Fortunately, history tells us that we humans are in many ways at our best when our backs are to the wall. Rebecca Solnit’s extraordinary 2010 book A Paradise Built in Hell, for example, shows just how transformative disasters can be for our communities when they are faced with destruction and death.

It bears remembering, however, that we are currently experiencing the threat posed by climate change in two very different timeframes: as an occasional local shock event in the present, like a flood or wildfire, and as a looming, generalised and globally distributed threat to our future wellbeing. The well-honed “backs to the wall” response Solnit writes about is appropriate to the first timeframe. It involves a release of adrenalin and in many of us an upwelling of altruism.

But how might we beneficially respond to climate change as a long-term existential threat that stretches into the generational future? Whereas a disaster brings communities out onto the street, literally as well as virtually, one can easily fall prey to private despair when contemplating the uncertainty and scale of the losses that lie ahead.

“A problem shared is a problem halved,” as the saying goes, but how to discuss something so sombre, so laden with future death, even with those close to us? In the age of text-based social media, the art of conversation is – perhaps temporarily – at a low ebb. Activist movements like Extinction Rebellion and Fridays for Future are a welcome and countercultural response to the felt need to share the grief and rage with others and at least do something with one’s existential angst. But they are still relatively small and many will feel they set too high a bar of commitment to personal activism for them to join in.

Missing are frequent, accessible opportunities to sit with small-enough groups of one’s fellow citizens, share one’s own questions and fears and listen to them share theirs. There is a potential for transformation in such simple and intimate medicine.

For some, however, conversation by itself is not enough. Our growing sense of impending danger has duly released a river of climate-related innovation, which is to be both expected and judiciously encouraged. Anything that offers genuine hope of either slowing the pace of warming or preparing us better to cope with inevitable shock events must be welcome.

Beyond such palliative innovations, to what should we pin our highest hopes? Hope that by some magic we will restore “normal” is a child’s hope. Grown-ups know too much now to entertain it. What if, instead, we cultivate a hope, grounded in our long experience of the human spirit under pressure, that, as the tired pillars of our civilisation crumble around us, we have it in us to find one another in a fresh light? So much of the potential in our humanity, after all, has been left unexplored or actively suppressed in our mad rush to secure eternal, materially denominated comfort at others’ expense. We are more than we have told ourselves we are.

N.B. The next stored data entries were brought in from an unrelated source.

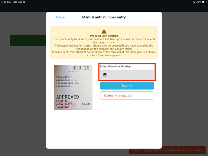 - Enter the "Auth. code" from the receipt that printed on the payment terminal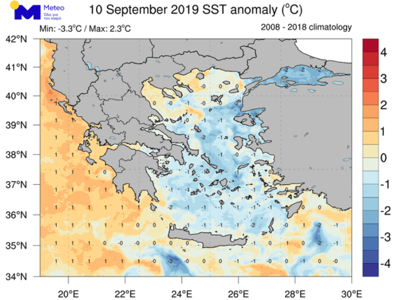 Ελαφρώς ψυχρότερες είναι τις τελευταίες εβδομάδες οι θερμοκρασίες της επιφάνειας της θάλασσας στο Αιγαίο σε σχέση με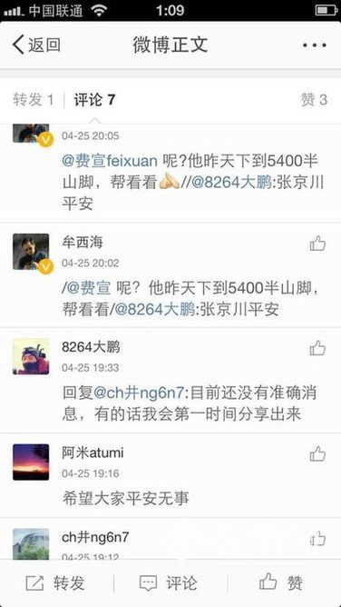 记者25日晚多次拨打云南籍探险家张京川的电话,电话均未能接通,未能联系上张京川本人。随后,记者通过新浪实名认证微博“8264大鹏”确认,张京川本人平安,但未能有进一步消息。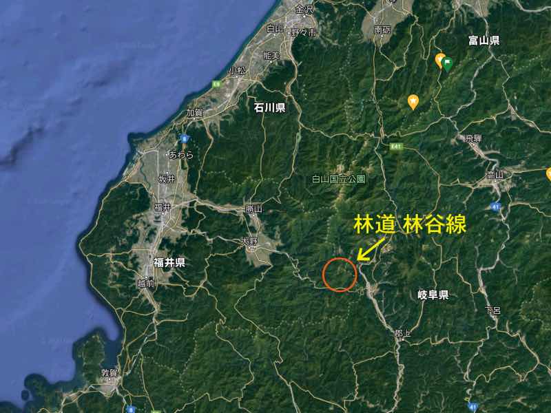 元々あった道路は(赤い線)は林谷川(福井県大野市箱ケ瀬)から蓮原川(岐阜県白鳥干田野)北濃辺りに続くように考えます。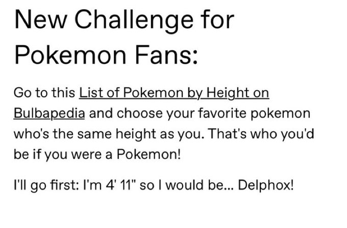 There is NO 5’2 Pokémon so I said fuck it idc my fav Pokémon is 4’11 anyways so I’m choosing that instead https://t.co/SSwndFHpfH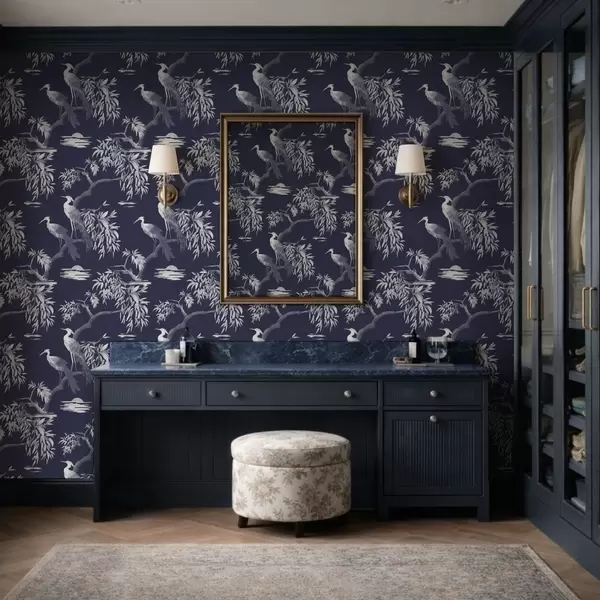 Tapet Fugler på gren på mørkeblå bakgrunn Nr. a01116v1
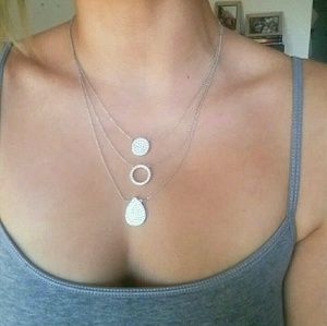 Jennifer miller triple strand necklace with tear drop earrings. Worn once, comes with original packaging. I have gauges so the earrings don't look good on me but they are featured in the 3rd picture. Open to offers.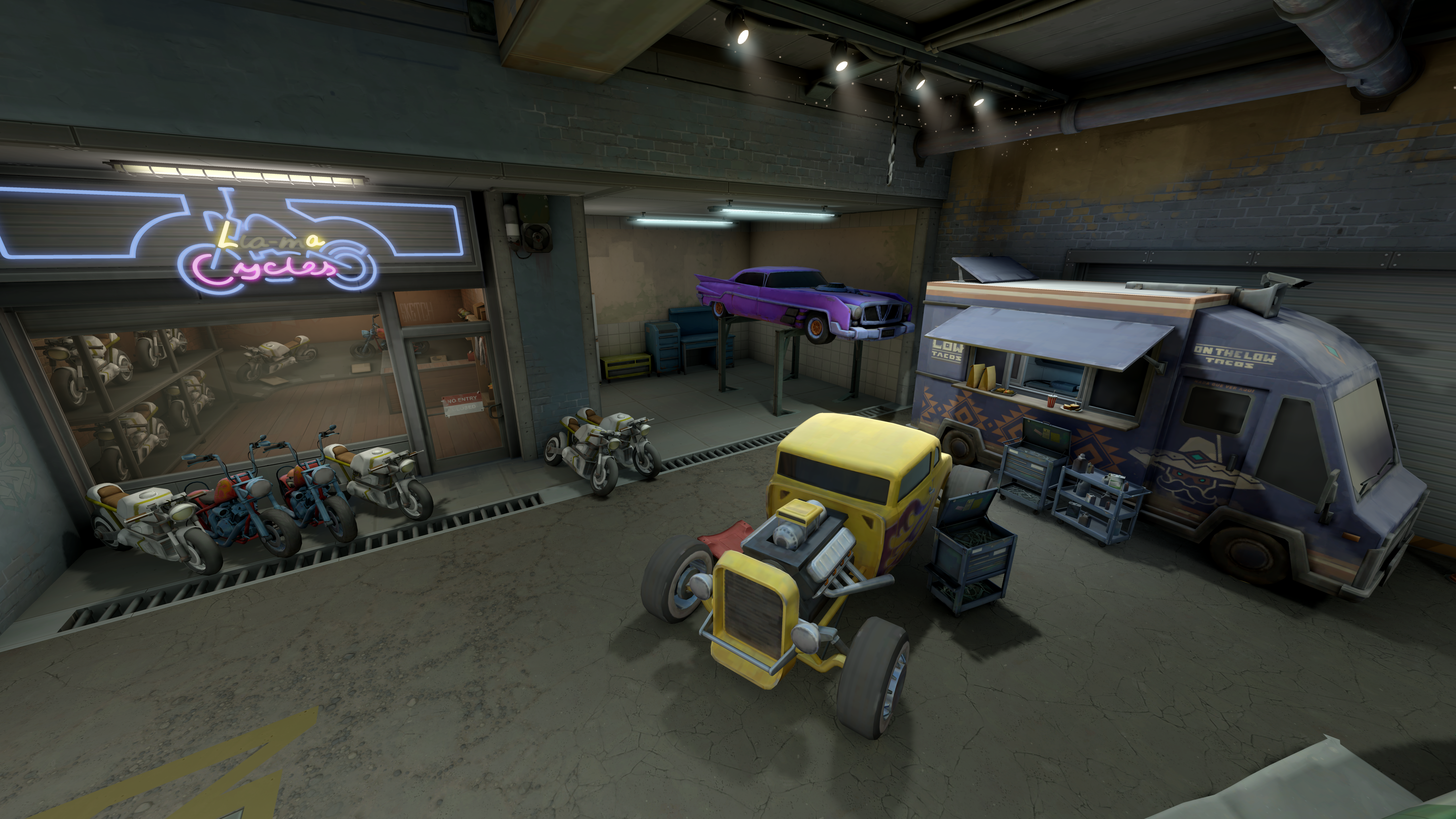 Baptisée Glitch, cette arène mélange deux thèmes opposés : une section Sunset, abandonnée et délabrée, et une partie Haven, recouverte
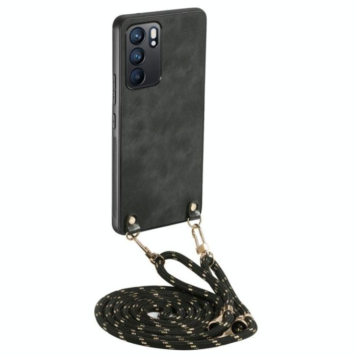 Description / For OPPO Reno6 5G Vintage Leather PC Back Cover Phone Case with Crossbody Strap(Black)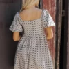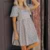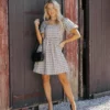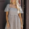 This Taupe Puff Sleeve Bow Print Mini Dress offers a sweet and stylish look.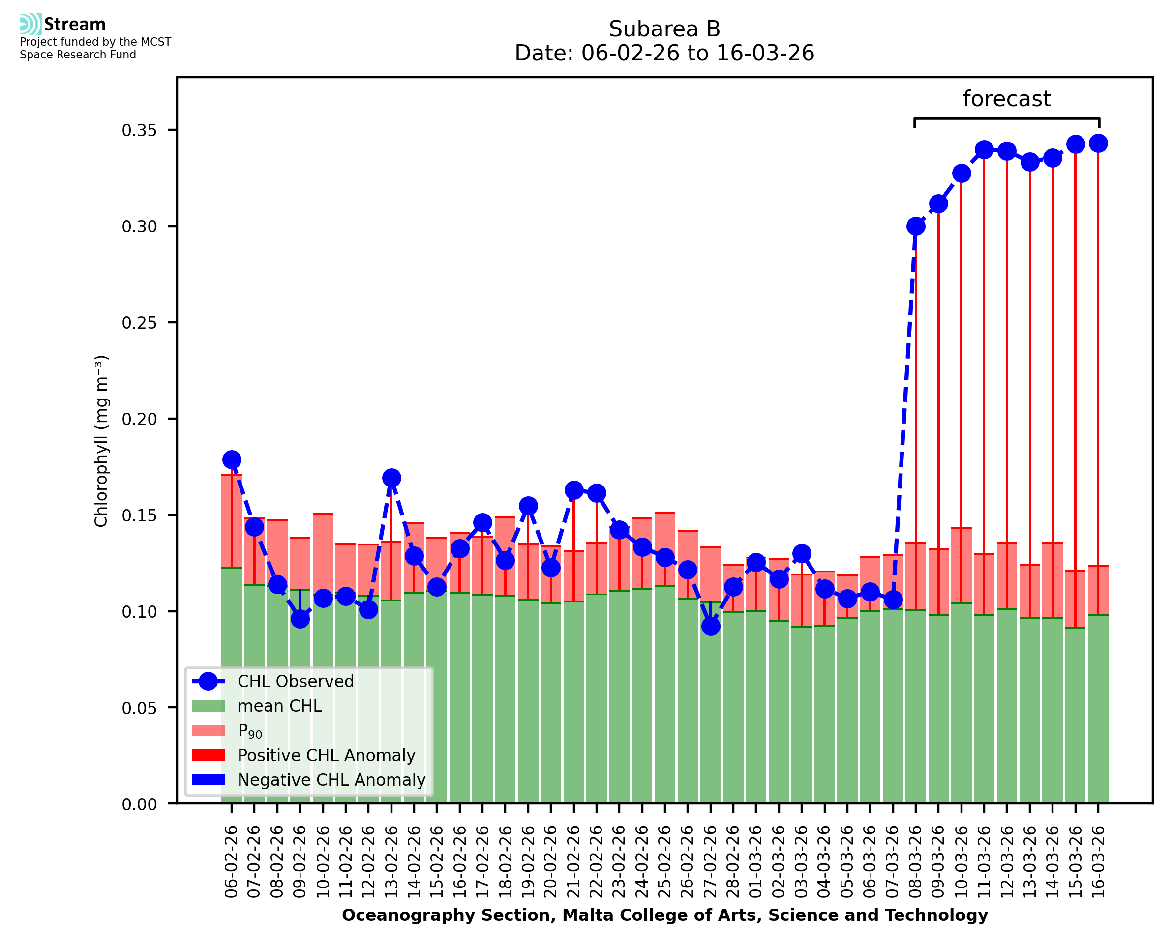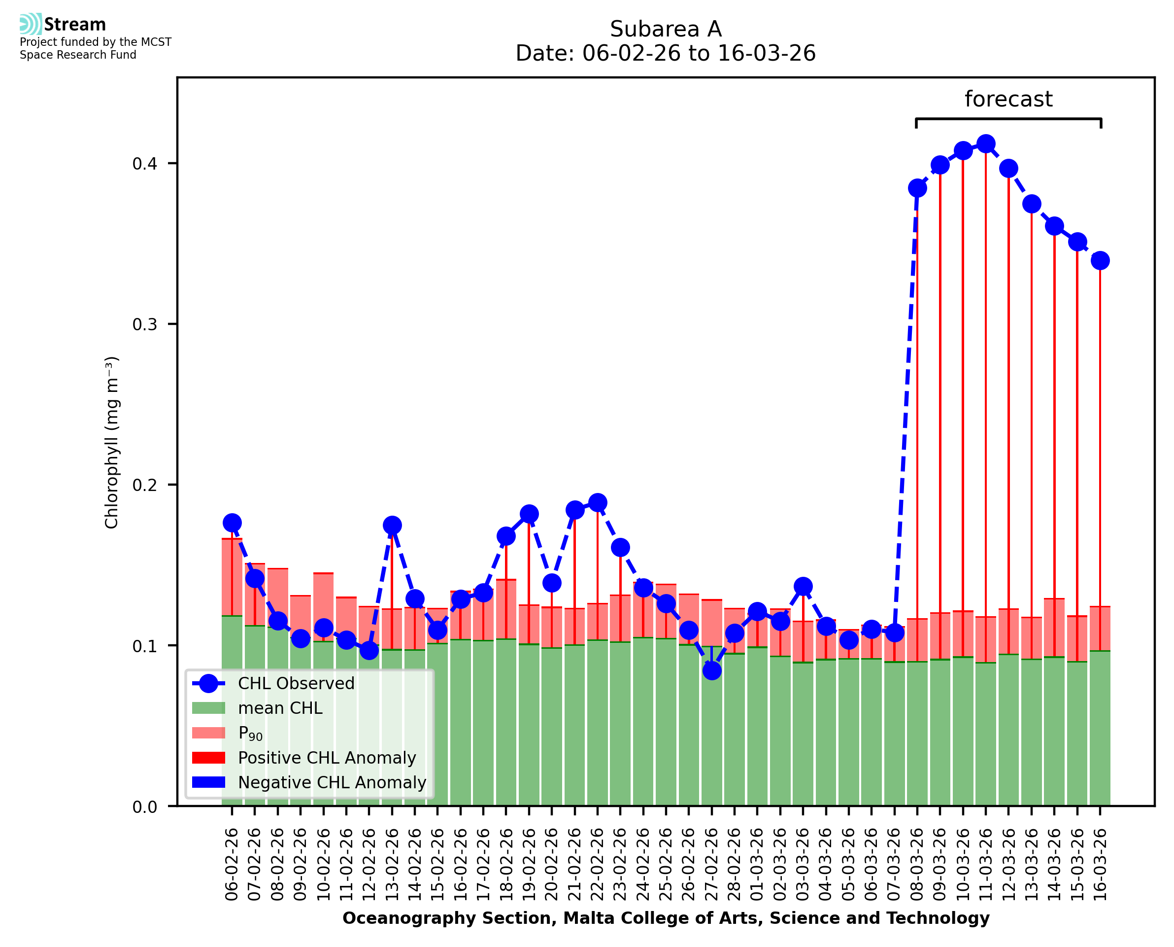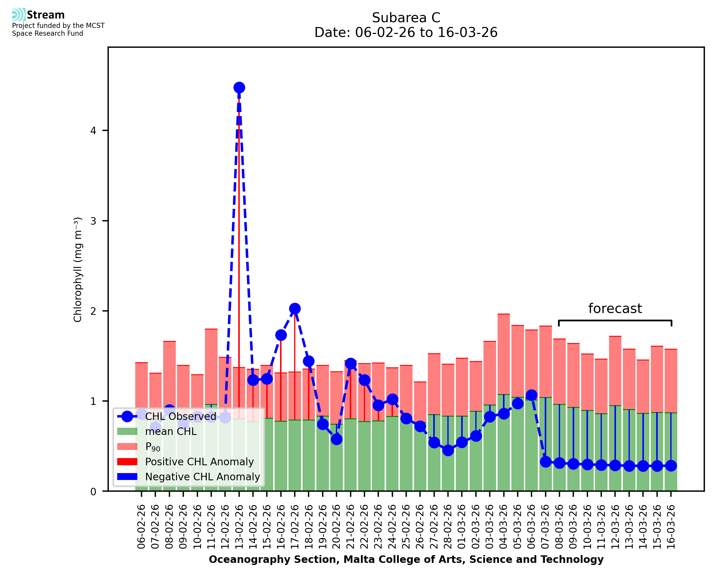 This STREAM service provides daily analysis of mass concentration of chlorophyll-a (CHL) anomalies, including spatial index maps for high chlorophyll occurrence and intensity in the Malta shelf area. User specific requests for data access and visualisation are planned for delivery on the STREAM mobile app. CHL is a core parameter in the Marine Strategy Framework Directive which provides the common framework for the assessment of the state of health of coastal seas to ensure coherence with the set goals of productive, healthy and clean European seas. CHL is considered to be a proxy of phythoplankton biomass and hence for eutrophication. Measuring chlorophyll is an indication of how much primary production is occurring in the sea.
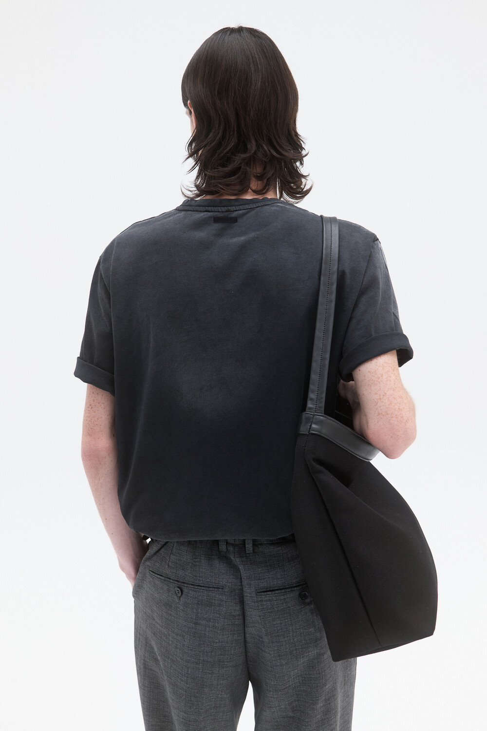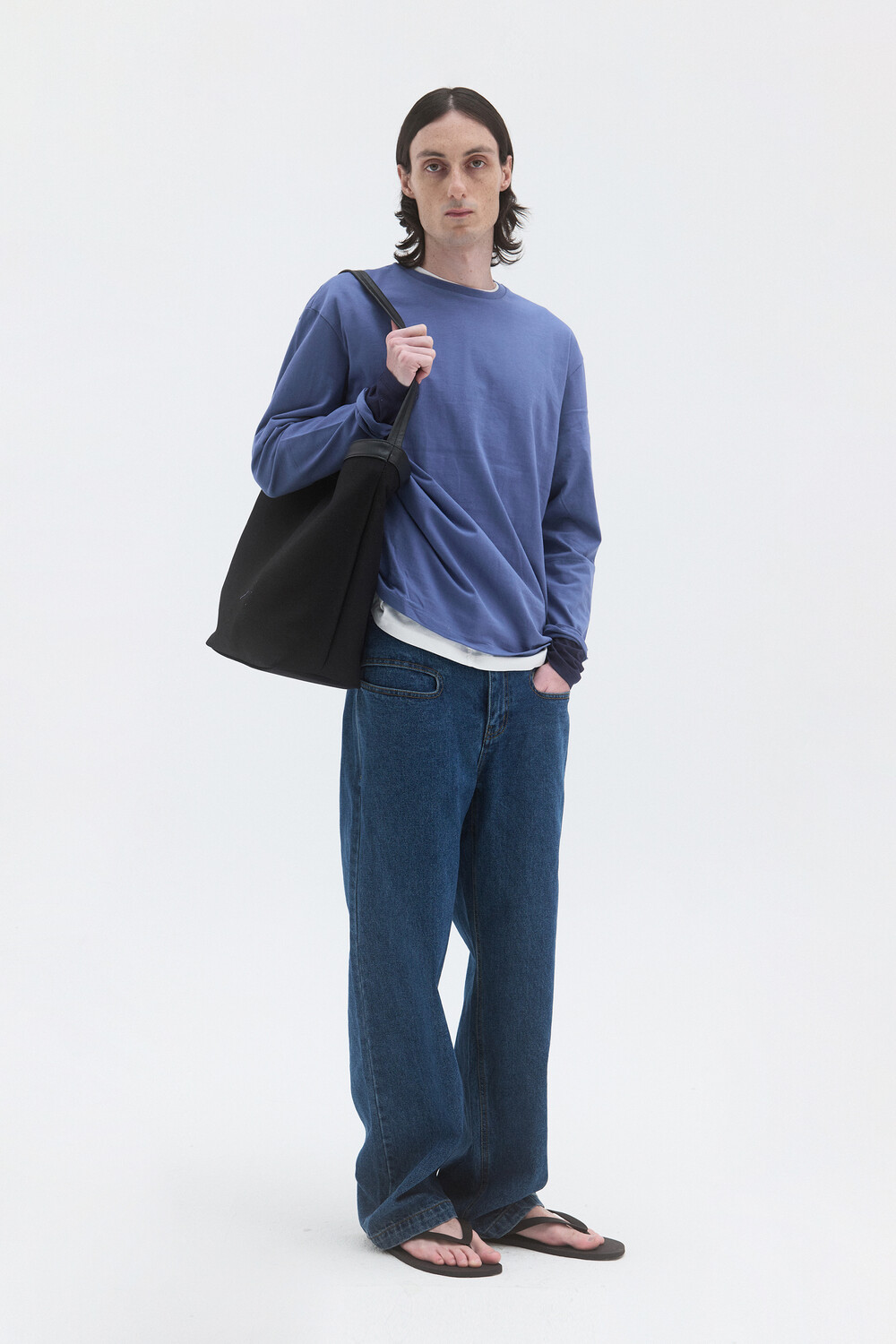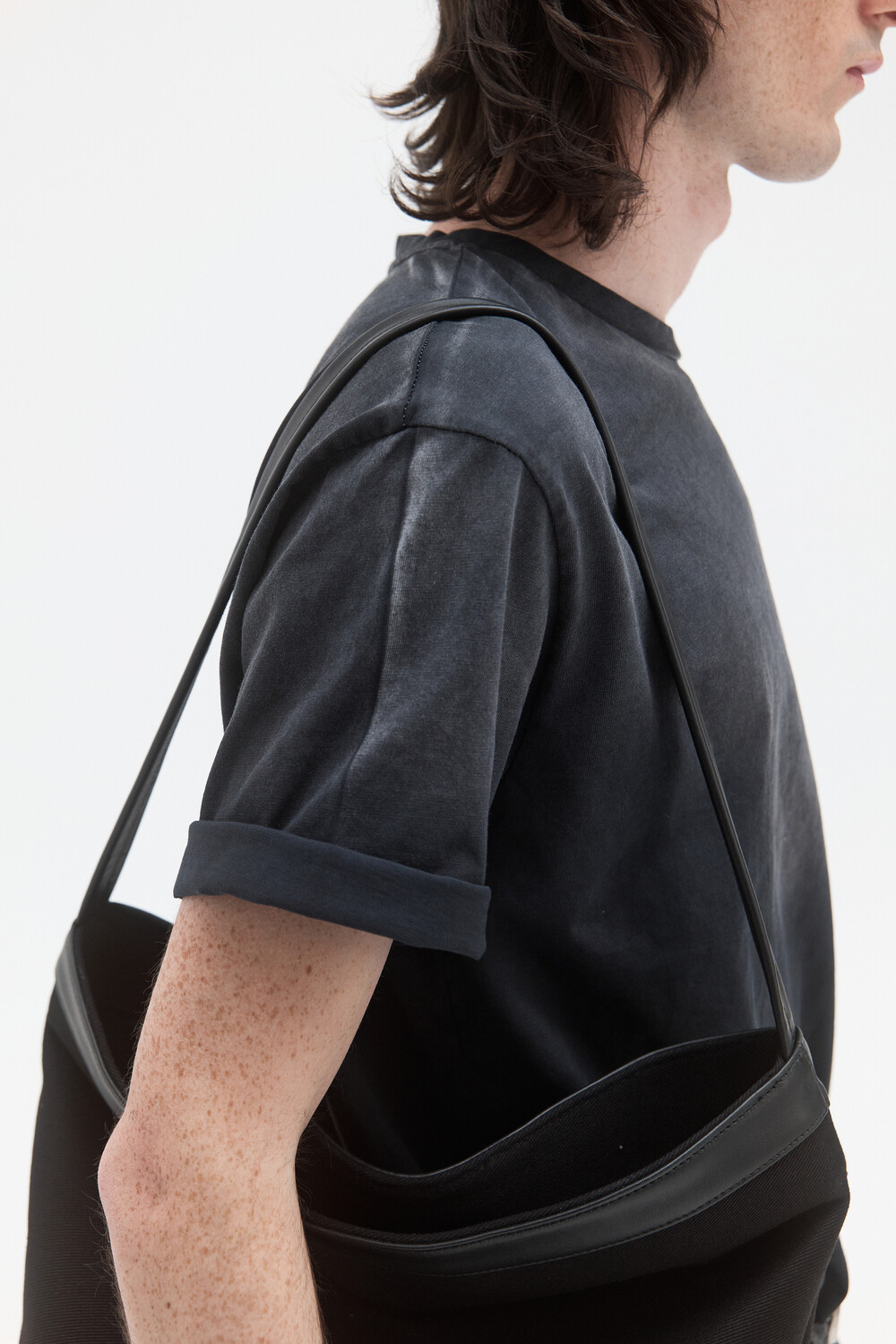 -매트한 내츄럴 타입 소가죽 트리밍과 두께감 있는 코튼 트윌소재가 믹스된 모던한 미감의 버킷백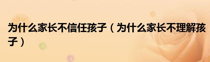 关于为什么家长不信任孩子,为什么家长不理解孩子这个很多人还不知道,今天菲菲来为大家解答以上的问题,现在让我们一起来看看吧!

Just as the medical establishment would have us throw every last drug and procedure at our elderly as they approach death, hoping to prolong life, so are we easily persuaded that our current social and economic order must be pumped full of whatever it takes to keep the party going. Yet there is wisdom in embracing and not resisting its inevitable death, setting our gaze on what may be wanting to emerge in its place, knowing that it will take patience, close attention and doubtless much suffering and grief before we are even able to see it, let alone enjoy it. But is this not what it means to be in an emerge-and-see?

As our individual death requires us to let go of our identification with our body and our worldly presence, so the death of our current form of civilisation requires us to dis-identify with it and what it has represented, opening ourselves to what else we might become.